The following quote is one portion of his wider argument and so a little less ambitious; here he merely makes a good point about doing research wisely in a situation of an enormous amount of digitized metadata.
After going back and reading his entire essay, I must admit that I feel a bit silly only posting a portion of it here. Abbott's whole point is that students and young scholars with whom he has worked lack many basic skills for reading and research, and the thrust of his thesis is against the sort of discrete soundbyte and linking that I'm doing here. I would recommend strongly that you follow the above link and read his complete paper, at which point the following excerpt will really become a rather minor detail in comparison. It was, however, the anecdote that interested me in the full paper, so I suppose there's not too much harm in re-posting it here:
[A student] decided to write on the ways the US government gives out money, in particular about block grants. And he had found interesting material in Lexis/Nexis. He told us the idea of block grants went back far further than we thought. It wasn't just a Reagan invention, it went back to the 1930s. The only problem was that there was plenty of material in the 1980s, the 1970s, the 1960s, the 1940s and the 1930s, but nothing in the 1950s. Try as he would, Brian couldn't find anything.
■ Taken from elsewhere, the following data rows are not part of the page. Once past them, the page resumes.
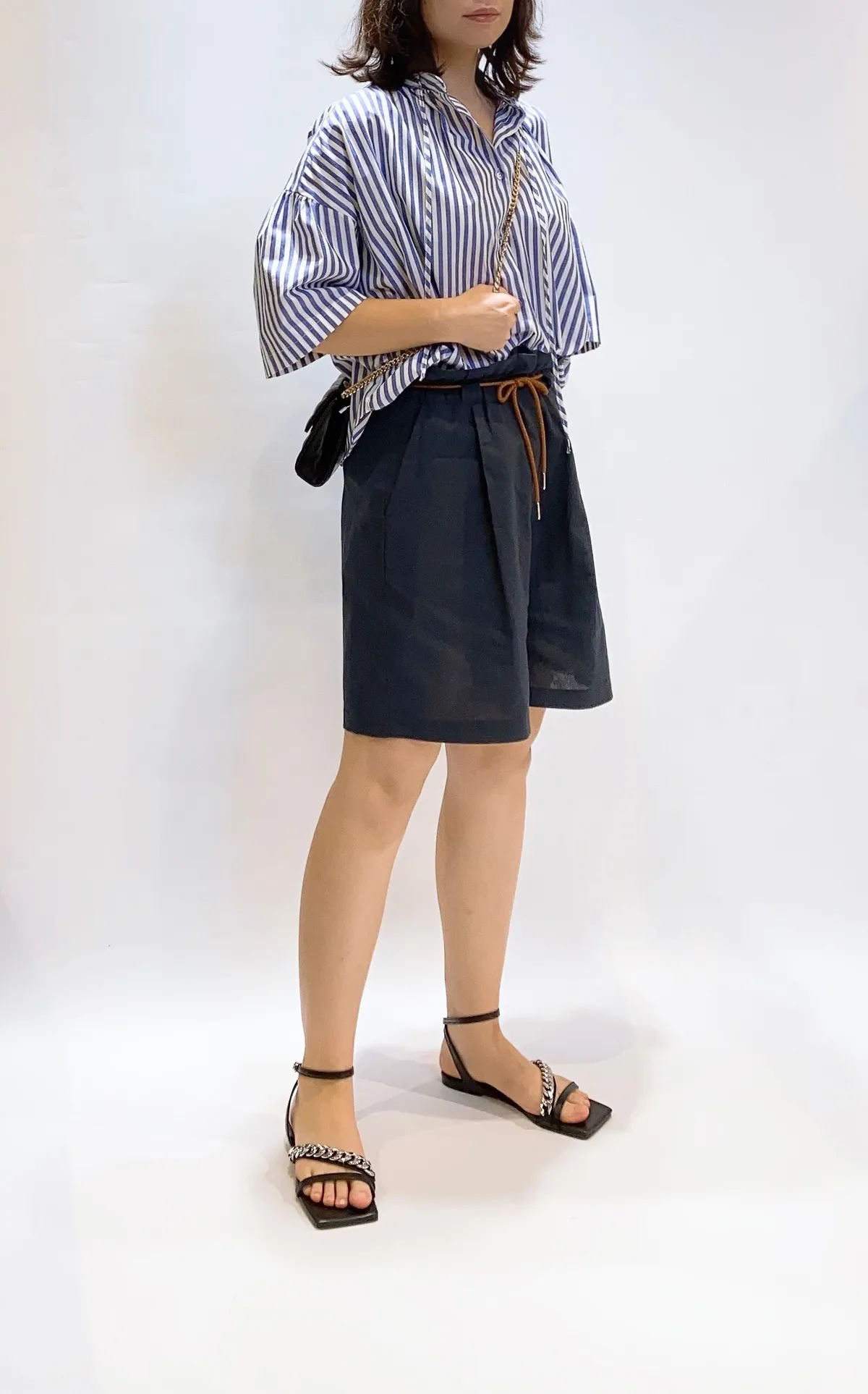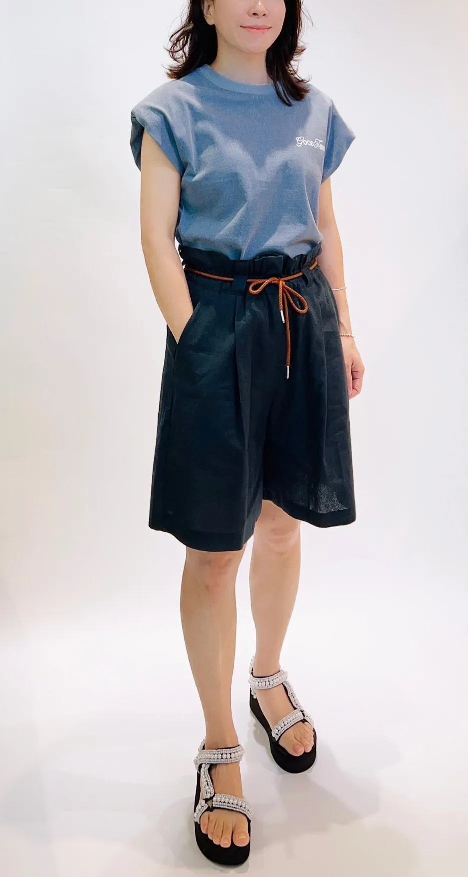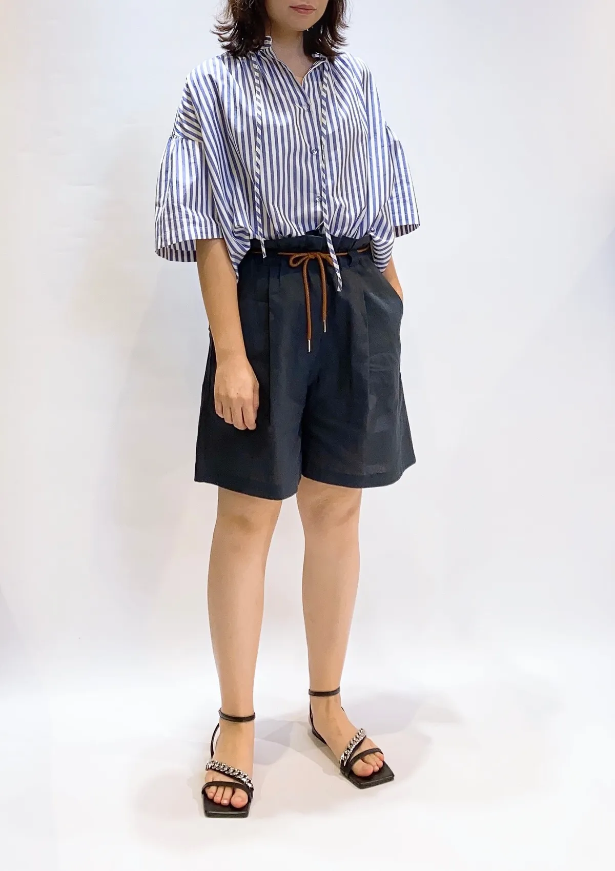 抽繩亞麻五分寬褲
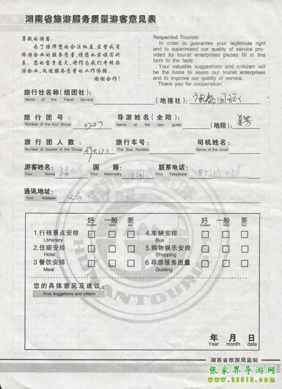 2009年7月27日義烏樓先生一行56人接待質量反饋單: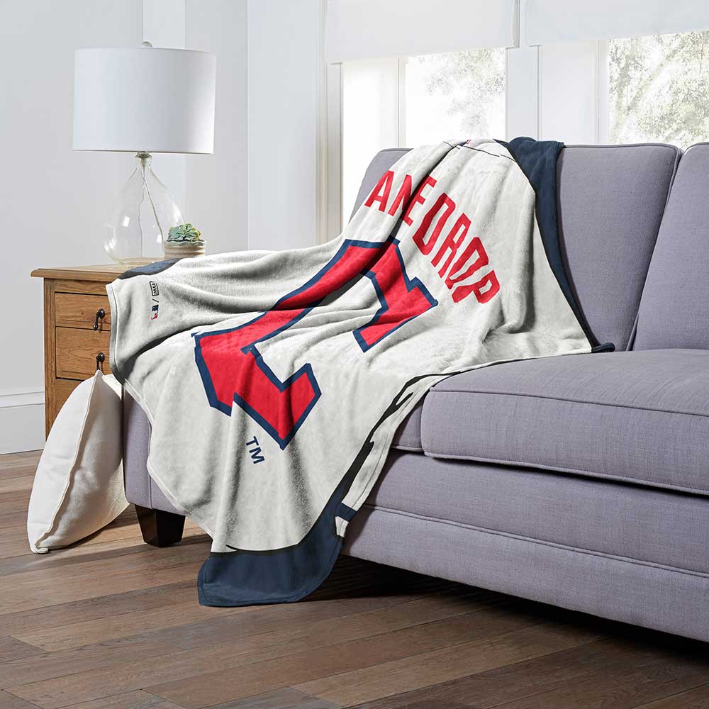 Proudly show off your favorite baseball team with this Officially Licensed MLB "Jersey" Personalized Silk Touch Throw Blanket by TheNorthwest. This 50"x 60" warm and cozy silk touch features your personalization above the team logo on a sports jersey design with a neutral color back. Give this personalized throw as an extra special gift or personalize one for yourself! It's the perfect game day accessory for your home.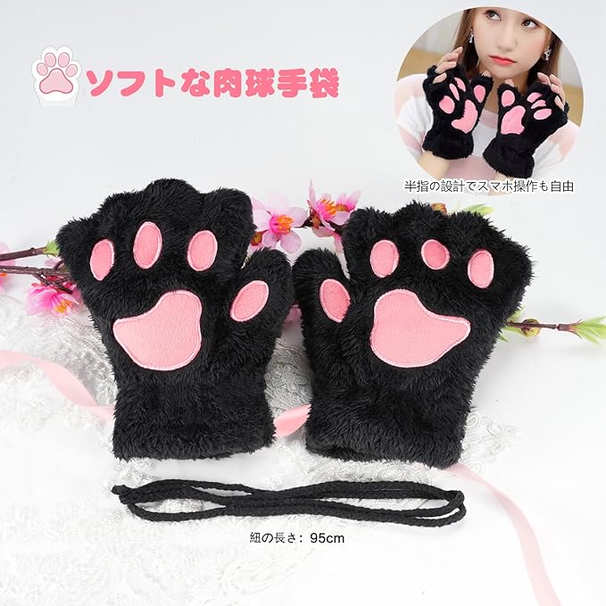 【立体的な肉球手袋】高品質のフェイクファーを使用した肉球手袋は内外がソフトで肌に優しいです。猫の肉球の実感を再現し、とにかく可愛いです。半指の設計で、スマホも自由です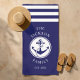 Nombre De Familia Ancla Náutica Trazo De Playa De La Toalla. Toalla de playa azul marino y blanca con un nombre familiar personalizado alrededor de un ancla de temática marina en el centro. Personalízalo con sus detalles familiares y disfrute de sus días de verano en la playa, el lago, la piscina o su jardín trasero.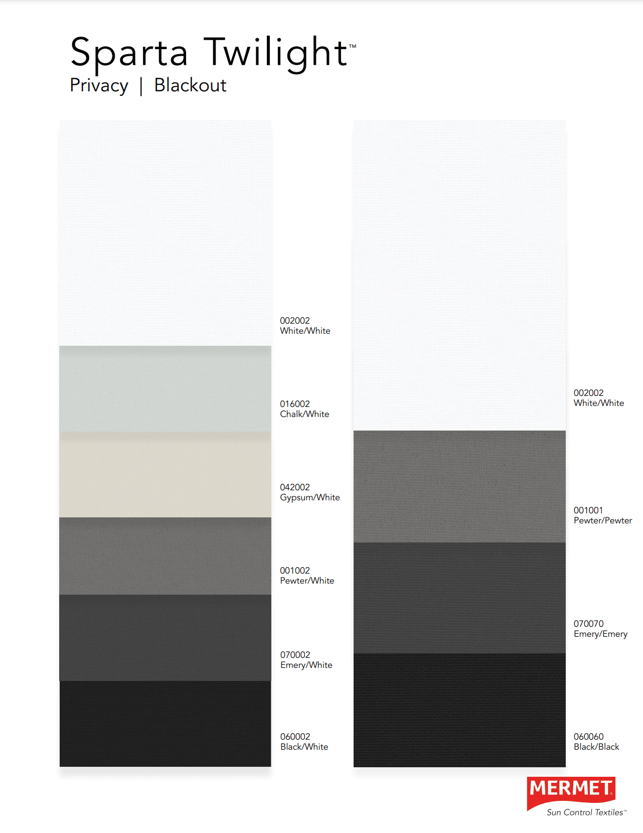 A classic blackout fabric composed of 100% polyester with an acrylic foam coating. Sparta Twilight™ provides complete privacy. This is a sample card that showcases a comprehensive palette, featuring all available colors for this product.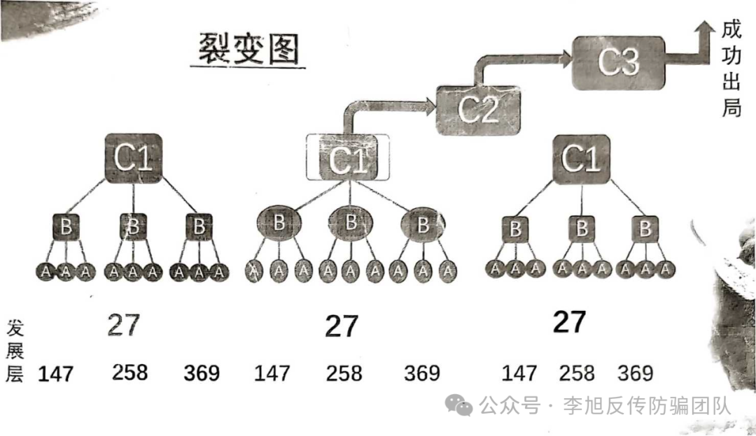 以C3为顶点,向下裂变:1个C3 → 3个C2 → 9个C1,每个C1需发展27人(3个B×9个A),形成金字塔结构。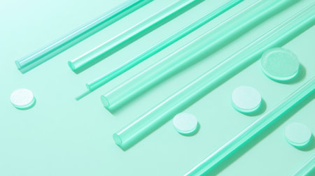 A visually striking arrangement of transparent green glass straws and circular discs set against a light mint background, emphasizing eco-friendly design.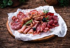 250/40 г • Отборные кусочки превосходного мяса свинины, сыровяленая колбаса, нежное соленое сало, копчёные колбаски, маринованый огурец и чеснок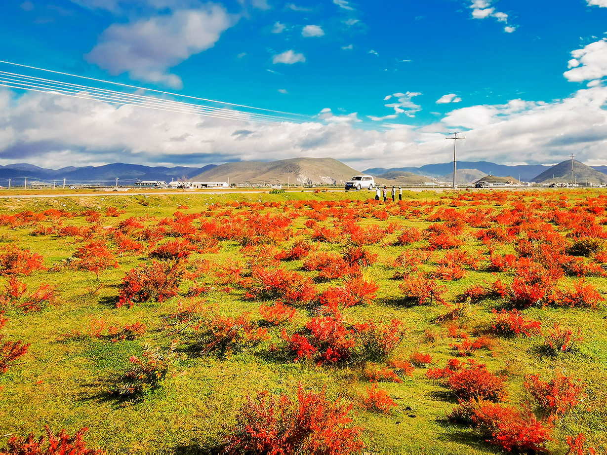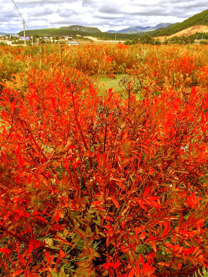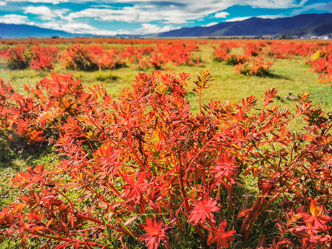 狼毒花又叫火柴花,属瑞香科狼毒,每年6月绽放,花朵为黄色,到了8月下旬至10月上旬,即将枯萎的狼毒花全身就变成了火红色,从小中甸镇延伸至建塘镇,形成了50多公里的五彩缤纷,撩人心魄的连绵花海,酷似一张迎接远方客人的红地毯。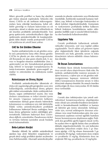 kullanımının bakteriyel florayı azalttığını, buna rinler için, normal sefalosporin dozunun arttı-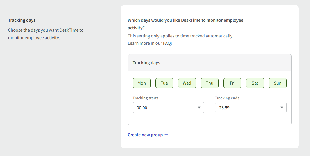 In the Tracking days section, you can mark what days and times DeskTime will track details from your employees. By default, Saturdays and Sundays will not be enabled, so turn those on if your employees may work on weekends.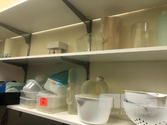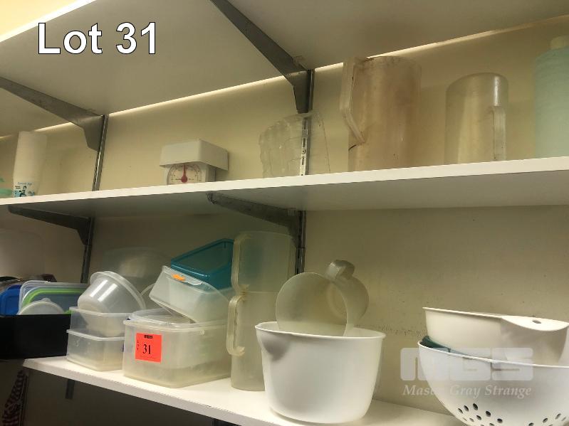 ASSORTED PLASTIC BOWLS, CONTAINERS, COLANDERS, JUGS, STAINLESS STEEL SIEVE, TONGS & WISK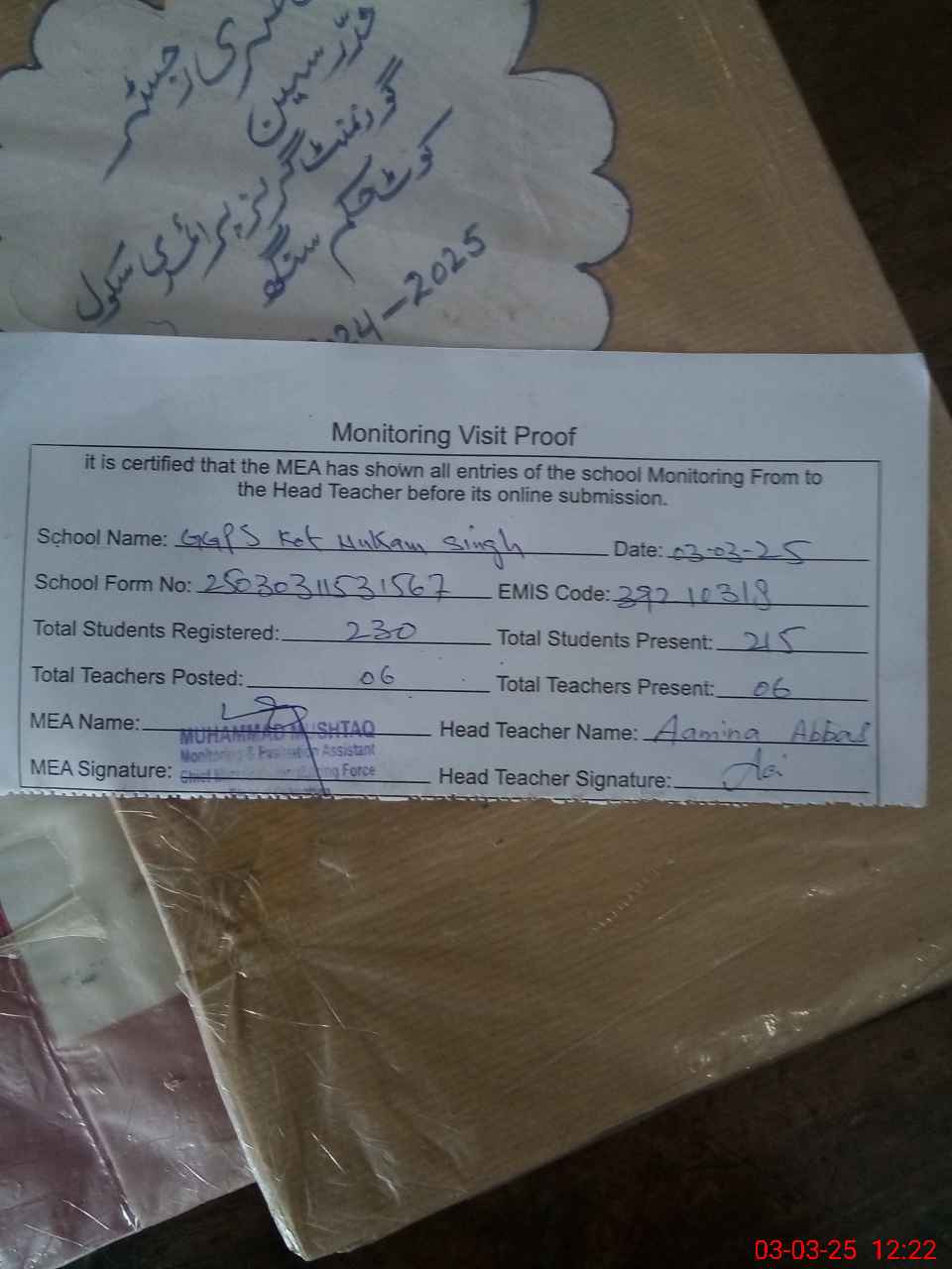 | EMIS Code: 39210318 | Name of School: GGPS KOT HUKAM SINGH | |||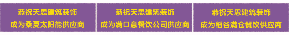 天思裝飾為您提供方便的一站式服務,不僅能夠提供設(shè)計與施工服務,還為您提供建材和家具。我們與眾多建材廠商、家具廠商有著密切合作關(guān)系,品類廣泛,物美價廉,滿足您的需求。
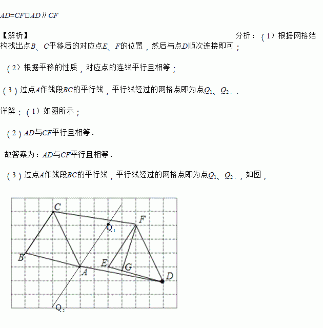 在正方形网格中,每个小正方形的边长均为1个单位长度,△ABC的三个顶点的位置如图所示.现将△ABC平移,使点A变换为点D,点E、F分别是B、C的对应点.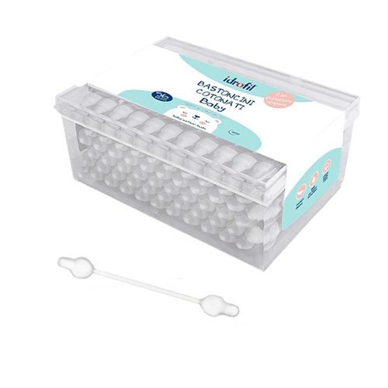 I bastoncini cotonati Baby Idrofil sono progettati per la cura delicata dei neonati e dei bambini,  è pensata per la sicurezza e l’igiene quotidiana del tuo bambino.Il bastoncino è realizzato in carta biodegradabile e la punta ingrossata è di 100% cotone idrofilo cardato di altissima qualità.Disponibili nella pratica confezione da 56 bastoncini cotonati.

[...] First he found a 1950s congressional speech sure to contain the phrase "block grant." Then he read the actual document and - sure enough - found the phrase. So it OUGHT to be found by the keyword query "block grant." And he ascertained that the keyword "grant" would locate this document, but the keyword "block" would not. So he tried various misspellings: black, blank, plonk, prank, blink, and so on. He hit paydirt with "blook." It turned out "blook grant" returned dozens of documents form the 1950s, all of which had in them the phrase "block grant." "Blook grant" of course, was an optical character recognition error. And it turned out, Brian discovered triumphantly, that the Federal government had changed its font around 1950. So the OCR algorithms, which are AI based, trained themselves on the old font, and then couldn't read the new font when it showed up. [...]
But it was news to the students that the electronic tools are not perfection. They had no idea that however comprehensive they may be, they are generally less accurate than the print sources that preceded them. Even less did they suspect that those inaccuracies could be systematic. Somewhere out there, they now realized, some idiot is writing a paper on how the concept of block grants disappeared from American political discourse in the 1950s. It is the fear of becoming that idiot that baptized them as serious library researchers.
Again (and now with the benefit of a bold-faced warning about becoming that idiot), please read the whole paper.